To be sure, there is nothing like a personal sighting to give even a skeptical wildlife expert pause. In the fall of 2001, while driving back from his country house in the Adirondacks, Bill Weber, director of the North America program at the Wildlife Conservation Society, which operates the Bronx Zoo, saw a cougar crossing the Taconic Parkway in Columbia County.
"It was just chewing up the road," he said in a telephone interview from Rwanda. "This wasn't just sauntering across the road like something used to hanging around people. It was remarkable."
Yet Weber is not sure what to make of the encounter. "If this truly is a relic population, and that's an interesting possibility, rest assured these were cougars who learned how to stay away from people and their vehicles," he said.

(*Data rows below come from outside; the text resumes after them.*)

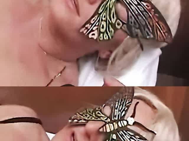 Brief haired doll is throating many rock rigid peckers in a row and getting spunk on face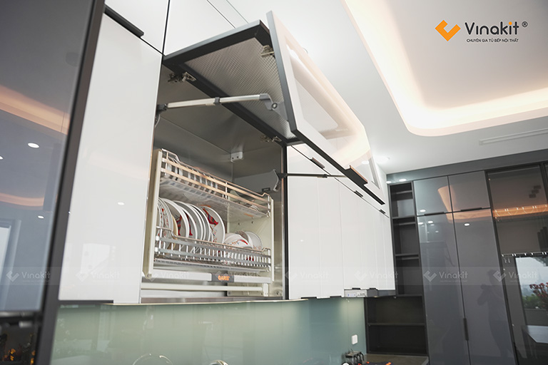 Khách hàng gian bếp nhỏ, các chuyên gia Vinakit gợi ý tới khách hàng nên sử dụng loại cánh kính cường lực hoặc cánh Acrylic bóng gương với thiết kế hiện đại, dễ dàng vệ sinh, bên bỉ. Ngoài ra, phần cánh giúp phản chiếu ánh sáng, mang đến nhiều ánh sáng cho không gian bếp. Giúp căn bếp thêm thống thoáng hơn. Ngoài ra phần màu sắc cũng đa dạng, nhiều sự lựa chọn hơn.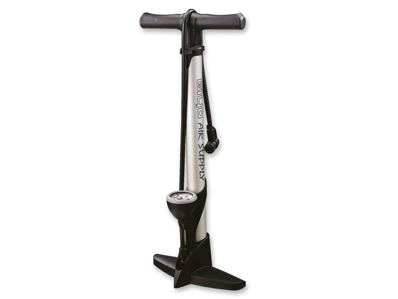 Korkean hyötysuhteen alumiinikoteloinen lattiapumppu Giyo Air Supply GF-35P, jossa on painemittari. Giyo Air Supply -lattiapumppu on 560 mm pitkä ja 230 mm leveä, joten se on erittäin vakaa pumpattaessa suurella nopeudella. Lattiapumpussa on suuri kahva, jonka ansiosta sitä on helppo käyttää ja täyttää renkaat nopeasti. Suurin paine, joka renkaisiin voidaan pumpata, on 11bar / 160PSI. Sähkömoottoripyörissä käytettävien autoventtiilien (AV) lisäksi pumpussa on suuttimet myös Presta- (PV, ”urheiluventtiili”) ja Dunlop- (”vanhanaikainen”) polkupyörien venttiilien pumppaamiseen. Koska sähköskootterin renkaiden mitat ja ilmatilavuus ovat sellaiset, että ne ovat alttiita renkaan sisäisille repeämille iskujen seurauksena, suosittelemme renkaiden paineiden tarkistamista kerran kahdessa viikossa tai ennen jokaista ajokertaa, jos sähköskootterilla ajetaan harvemmin. Renkaita täytettäessä suosittelemme painemittaripumppujen käyttöä, jotta voidaan varmistaa, että renkaiden paine on täsmälleen sähköpotkulautan valmistajan suosittelema. G iyo Air Supply -lattiapumppu, muita pumppuja ja muita tarvikkeita on saatavilla myymälässämme .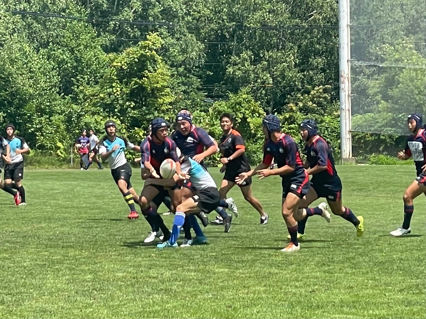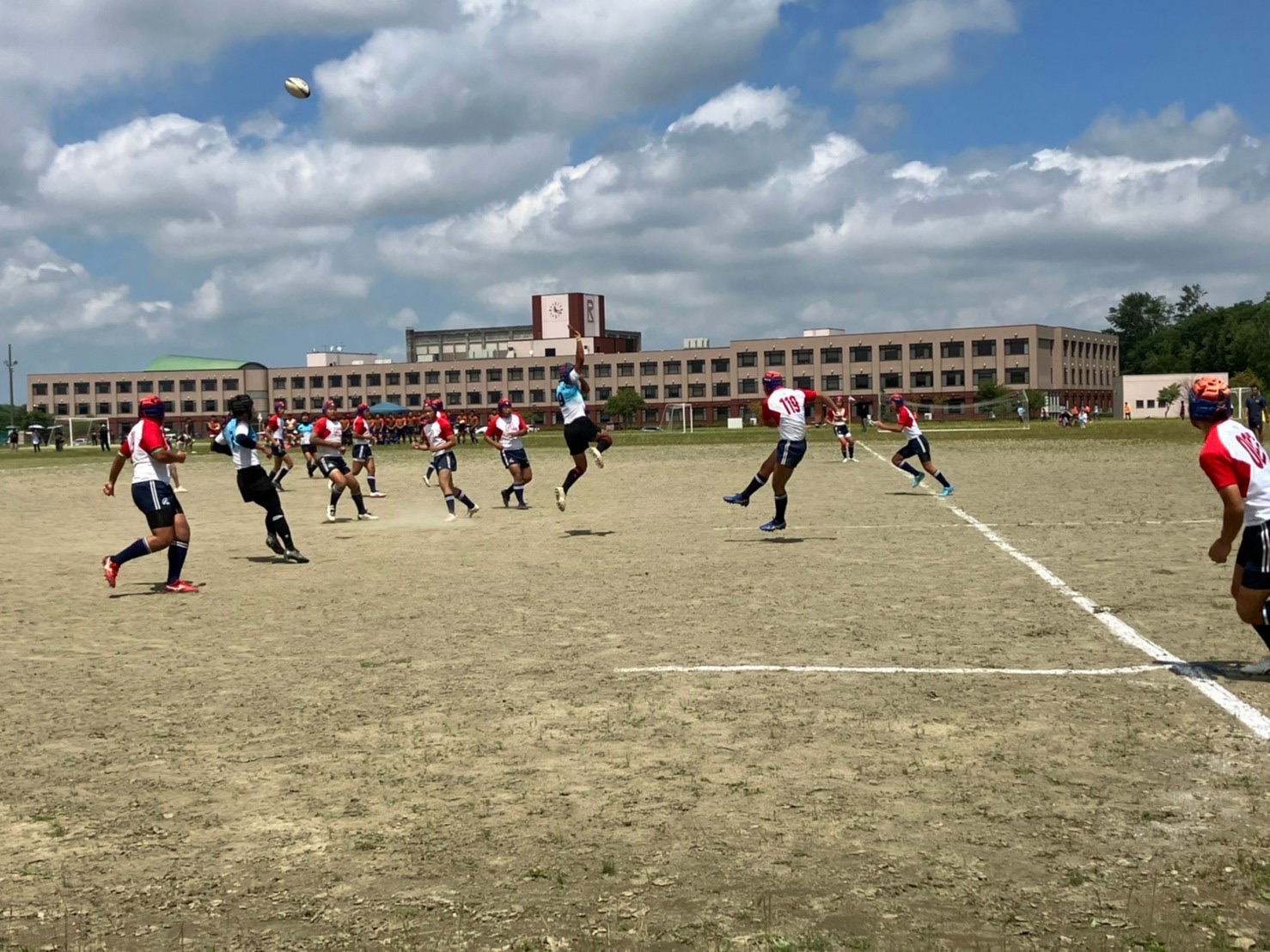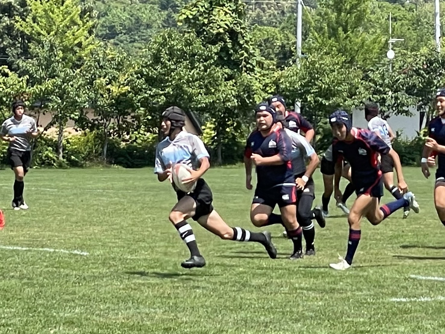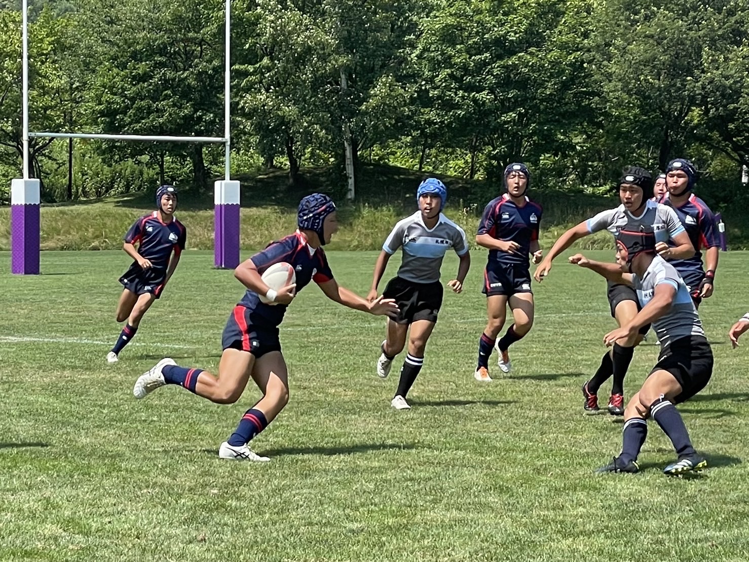 試合は20分で行い、1試合目は函館ラ・サールと対戦しました。開始早々ハーフラインでの攻め合いが続きました。厚別のマイボールの時間が多いですが、なかなか前に進めていませんでした。キックミスなどでボールを手放した後に簡単に突破されてトライを許してしまいました。中盤エリアでのディフェンスが後手に回っていたので監督からは相手より早く立つようにとアドバイスをしていただき、気持ちを入れ直し試合に戻りました。開始5分半、平野がスクラムからDFの隙をつき突破してFBを引きつけて堀にパスを回しそのままトライ!その後、ディフェンスエラーから攻め込まれ、スクラムからの相手のサインプレーへの対応が後手に回りボールを外に回されトライを取られました。厚別もパスを回し前に出ようとしますが、ノックオンやパスミスが目立っているように感じました。その後自陣のゴール近くまで攻められますが、キックで一気に敵陣ゴール前まで進みます。上田が相手をかわしゴール直前まで攻め込んでラックに。梅本が直ぐにボールをピックしてインゴールに飛び込んでトライを決め、試合が終了しました。結果は14(2T2G)-14(2T2G)の同点でした。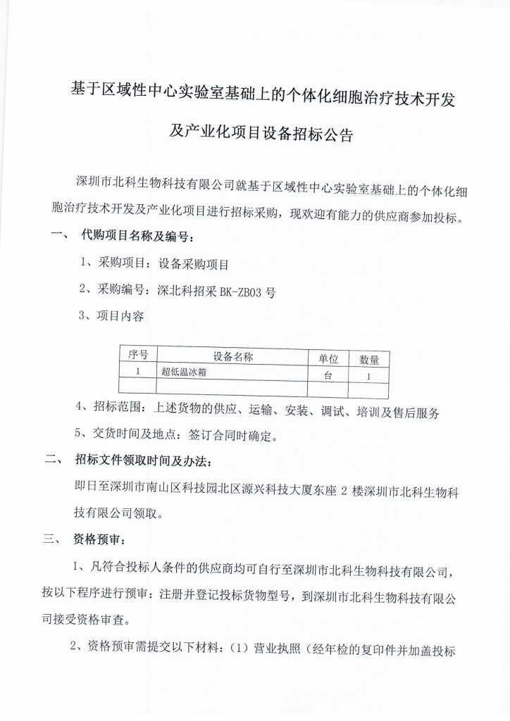 基于區(qū)域性中心實(shí)驗(yàn)室基礎(chǔ)上的個(gè)體化細(xì)胞治療技術(shù)開(kāi)發(fā)及產(chǎn)業(yè)化項(xiàng)目設(shè)備招標(biāo)公告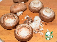Для приготовления закуски лучше брать крупные грибы. У шампиньонов вырезать ножку и внутри каждого сделать небольшое углубление чайной ложкой. |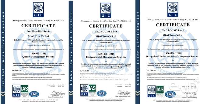 이번에 마인드트리가 획득한 인증은 ISO 9001(품질경영시스템), ISO 14001(환경경영시스템), ISO 45001(안전보건경영시스템) 등 3개 분야를 모두 포함한다. 인증 범위는 기업 및 기관 대상 EAP 관련 AI 기반 정서 분석 및 맞춤형 상담 매칭 솔루션(M-ECS)의 개발·공급·유지관리 서비스다.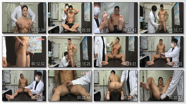 出身地:広島、血液型:B型、部活歴:キックボクシング、趣味:筋トレ・釣り、胸回り:104cm、乳首:2.7cm、足:27cm、ちんこ平常時:11cm、ちんこ勃起時:16cm。タイトなトレーニングウェアでバルキーな肉体が強調されとてもエロい樹生くん!!自在に動く胸筋を揉みしだかれ、強靱な肉体はくすぐりには弱くすごい力で抵抗してしまう。超モッコリのパンツで玉も竿もぷるぷる!!AVを見てもらうとノーハンドでムクっと勃起!!シゴかれシャブられるとエロい吐息漏らして感じまくる!!デカマラを激しくシゴかれ濃厚ザーメン放出し、そのまま責められると大量の潮吹き噴射!!アナルの検査ではキツい穴にズボズボと出し入れされ雄声が止まらない!!(のんけ診察室)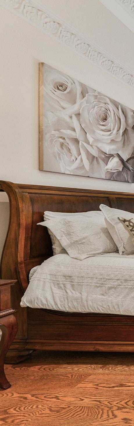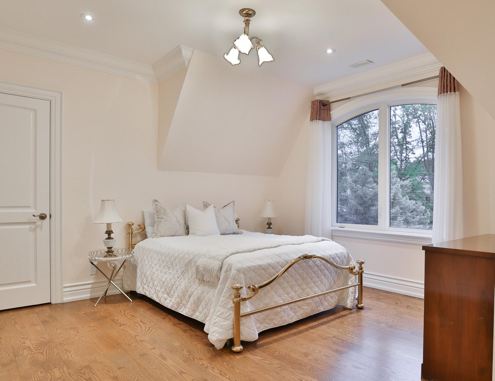 The main floor’s primary bedroom is a testament to its opulent design and ultimate comfort. Upon entering through the grand double doors, you are greeted by a serene and light-filled retreat, thanks to a striking picture window that offers tranquil views. The room is adorned with a precast decorative limestone archway, which elegantly frames the entrance and adds a touch of classic sophistication.

"But why aren't people finding kills?" he wondered. "Cat kills look different from other kills. There's a little bit of a Loch-Ness problem. I saw a big cat run across a highway on a Sunday afternoon. I'm certain that it was a cougar, but it doesn't tell me there's a population out there."
In the Eastern US, only the state of Florida acknowledges wild cougars, known there as Florida panthers. Despite extensive efforts to boost the population, fewer than 100 exist there today, according to federal officials.
Mountain lions are well established in most states west of the Mississippi River, and they have recently entered Iowa, Arkansas and Missouri, according to Roland Kays, the mammal curator at the New York State Museum and the co-author of, Mammals of North America (Princeton University Press, 2002).
In Kays' view, the sporadic Northeast sightings do not add up to a wild cougar presence. Kretser tends to agree. "There hasn't been a carcass or good tracks," she said. "No one has found a den per se. In places where there are cougars, these things happen."
Still, Kretser finds the continuous sightings intriguing. "There is something out there," she said. "People are definitely seeing something."
O'Shea presses on. He would like the state to acknowledge what he regards as the probability that wild cougars are here, and the possibility that they never left. "I can't prove there's a self-sustaining population," he said. "But it's beyond sense that people would be letting pets go for 50 years, and what's more that they would be surviving."